Using the tools learned in General Assembley's Data Science Immersive course, we will collect data via an API request and then building a binary classification predictior. In particular, we will apply this in the realm of Reddit. Using NLP, what characteristics of a post on Reddit contribute most to which subreddit it belongs to? Our data will focus on Texas Senate race between Ted Cruz (R) and Beto O'Rourke (D).
Python Packages Used:
- Pandas
- Numpy
- Scikit-Learn
Build function to scrape reddit with inputs of subreddit name and number of pages to pull Reddit's API is limited to the last 1000 post for any subreddit, so how active a subreddit is can determine how frequently it is necessary to pull pages.
Clean data into useful corpus and assign each with a label of it's subreddit source. This creates domain specific training data that then can be used to classify new data.
Classification
- Use GridSearch and Pipelines to find best predictive model Run through different model types and GridSearch hyperparameters to tune for best performance
- Metric Targeted: Accuracy
We can apply our model to a different Reddit subreddit to gauge the pulse and discussion of untagged posts. We will reference r/Texas with politic flags to see what this 'neutral' space is discussing more in terms of candidates.

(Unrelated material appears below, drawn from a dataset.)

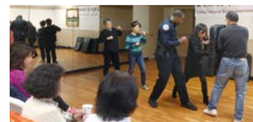
亞特蘭大台灣婦女會舉辦「婦女安全防身術講座」。

After supplying r/texas data into the model, 69% of posts were geared toward Beto while 31% was geared towards Cruz. This initially indicates an advantage for Beto being the center of discussion but the sentiment for each post needs to be factored in as well.
Although we had a model that performed at a accuracy of 94%, the context of the discussion was heavily negative for both candidates for classification with a high probability.